Allora il dio Kron, avendo letto i suoi pensieri foschi e abbattuti, aveva cercato di risollevarlo, come meglio poteva. Perciò si era dato a dirgli:

«Iveon, non angosciairti in questa maniera, poiché un atteggiamento del genere non si addice ad un grande eroe, quale tu sei! La tua reazione deve essere ben diversa, deve spingerti unicamente a vendicarti del catturatore della tua consorte. Al posto tuo, io sentirei la sola voglia di corrergli dietro, di fargliela pagare a quell'essere abominevole, salvando così la mia amabile compagna e sottraendola al suo disperato tormento! Dunque, fiero Iveon, affréttati a partire, senza indugiare oltre, dal momento che la tua Annura sta aspettando il tuo soccorso e desidera che esso ci sia il più rapidamente possibile!»

Era stato così che l'eroico dio Iveon si era messo sulle tracce della sua cara ed indimenticabile dea, la cui ricerca sarebbe durata più di un millennio o qualcosa di meno. Comunque, l'universo sarebbe stato da lui battuto per l'intera sua espansione profonda, percorrendone le sterminate galassie e scandagliando gli ingenti sistemi stellari in esse contenuti. Egli avrebbe appuntato gli occhi sopra ogni pianeta che avrebbe incontrato sul suo cammino, esplorandone la superficie ed eseguendo la stratigrafia della sua parte interna. Naturalmente, il suo non sarebbe stato un viaggio di distrazione e di diporto, poiché esso lo avrebbe fatto trovare di fronte a numerose vicende ostili, le quali gli sarebbero provenute quasi sempre dalla sua avversaria Monotriad.

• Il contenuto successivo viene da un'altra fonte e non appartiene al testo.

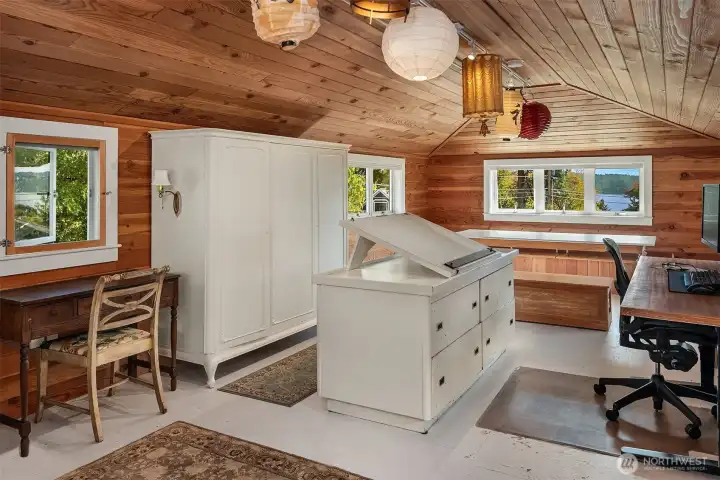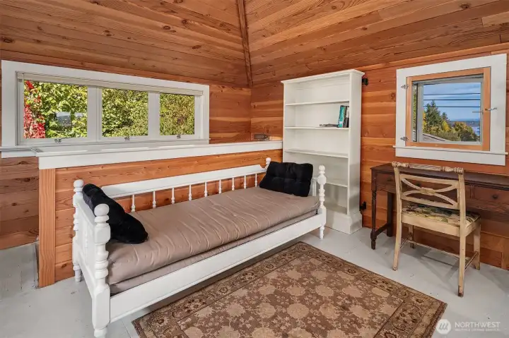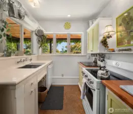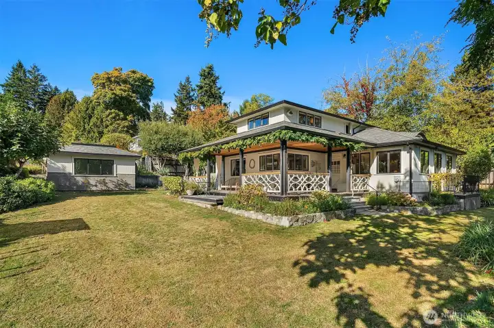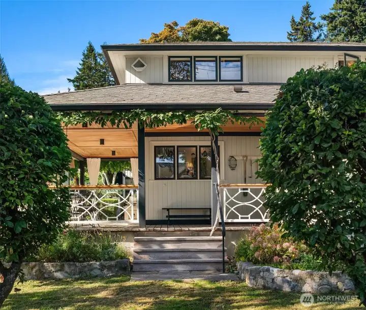 Meticulously updated, this Romantic Bungalow Cottage built in 1915 is perched just above Vashon’s favorite, KVI Beach. Every detail has been thoughtfully designed, from the Vashon-grown and milled Madrona floors to the spacious bathrooms complete with artisan tiles & radiant heat. The airy and light-filled kitchen flows effortlessly through large pass-through windows & onto the spacious covered porch, seamlessly connecting kitchen to outdoor living. The great room boasts French doors opening to a balcony to enjoy early morning. Stepping back inside, curl up by the gas fireplace & keep cozy on cooler evenings. Nestled above the dreamy office is a wonderful finished 1/2-story with picturesque views of Tramp Harbor and its surrounding area.
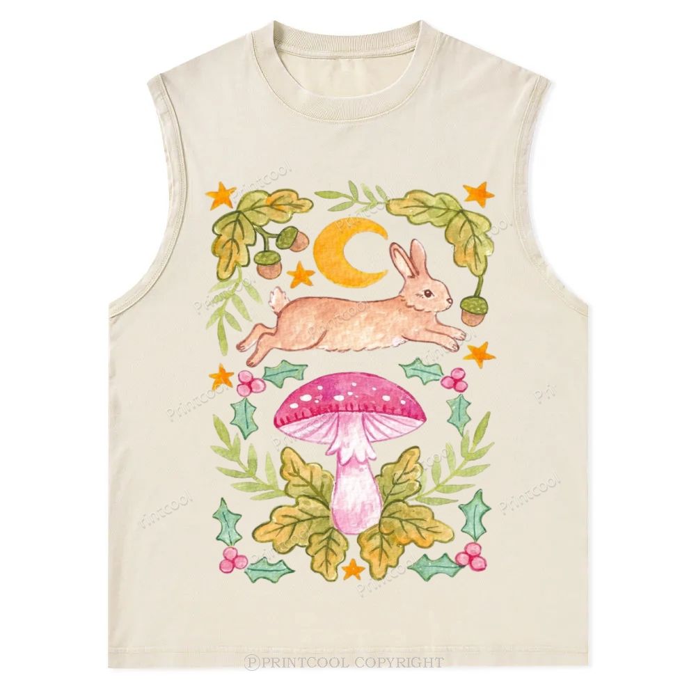 Moon Rabbit & Mushroom Unisex Washed Tank Top
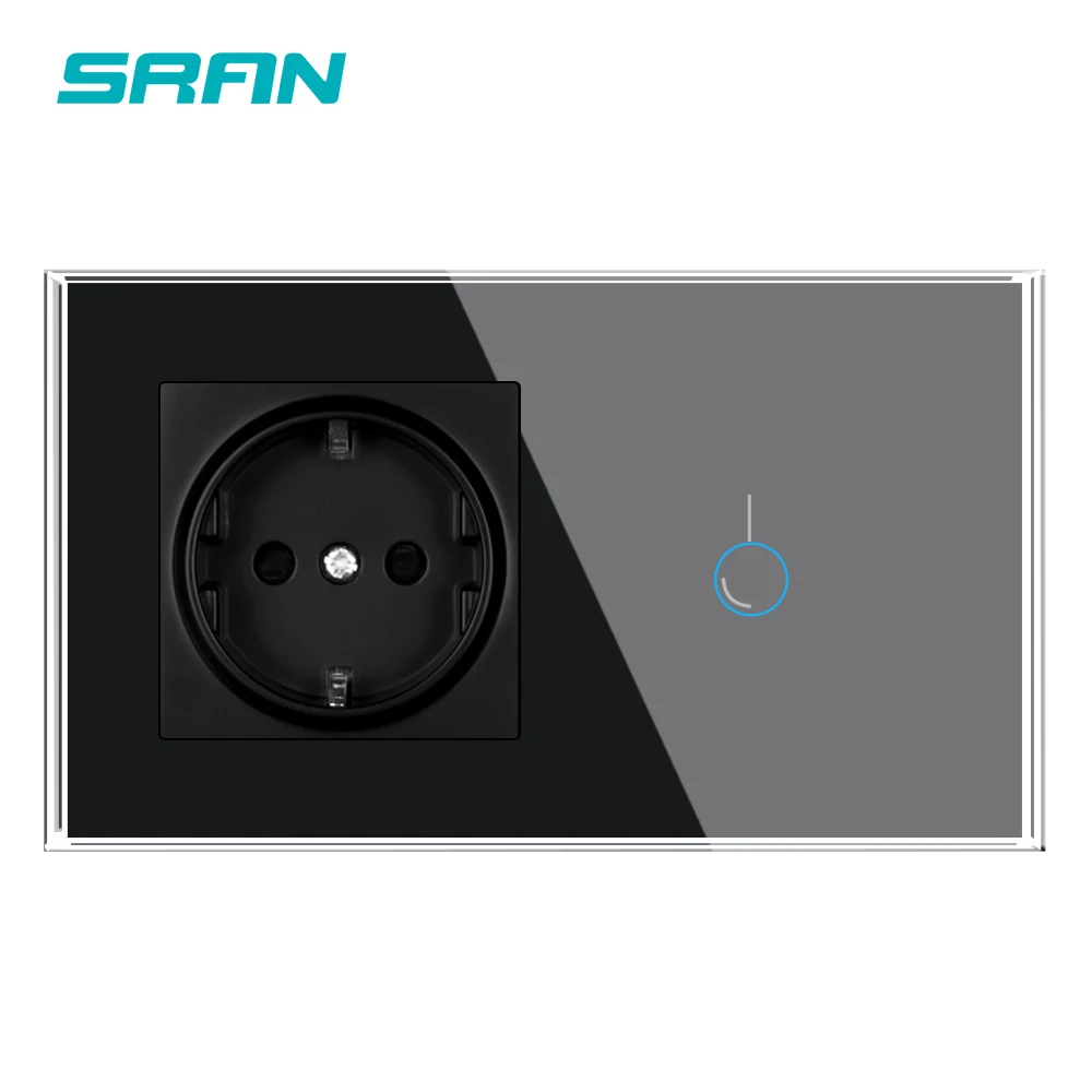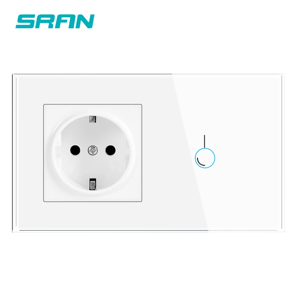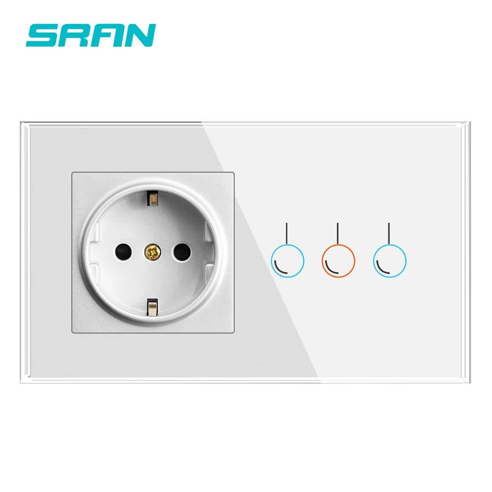 Сенсорный переключатель SRAN, панель из хрусталя, 110-250 В, 16 А, настенная розетка 146*86, светильник ключатель света, 123 канала

Nell'inseguirla, il dio Iveon avrebbe perduto la cognizione del tempo, anche se bisogna precisare che per le divinità esso aveva ben scarso valore. Considerando invece la loro componente psichica in rapporto alla realtà cosmica, di sicuro la qualità temporale la influenzava in qualche modo.

Ma al di là delle impressioni soggettive che gli sarebbero derivate dal binomio spazio–tempo, l'eroe divino sarebbe stato investito da una folta schiera di sentimenti, che non gli avrebbero rallegrato l'esistenza. Essi avrebbero invece suscitato nel suo animo amarezza, rabbia, tristezza, una maledetta voglia di vendicarsi ed innumerevoli gesti minacciosi. Inoltre, non sarebbero mancati neppure lo sconforto, l'abbattimento psichico, la pena e, solo rarissime volte, alcuni pensieri opprimenti di rinuncia e di lasciarsi andare. Anche la speranza non lo avrebbe mai abbandonato durante il suo viaggio, memore di quanto gli aveva preannunciato l'eccelso dio Kron. Secondo il quale, egli avrebbe incontrato un umano e una divinità, che si sarebbero offerti di aiutarlo a rintracciare e a sconfiggere la rapitrice della sua consorte. Grazie a quell'annuncio confortevole del dio del tempo, egli avrebbe affrontato l'interminabile viaggio, mostrandosi più fiducioso e speranzoso sul buon esito della propria difficile missione, la quale avrebbe avuto una durata millenaria.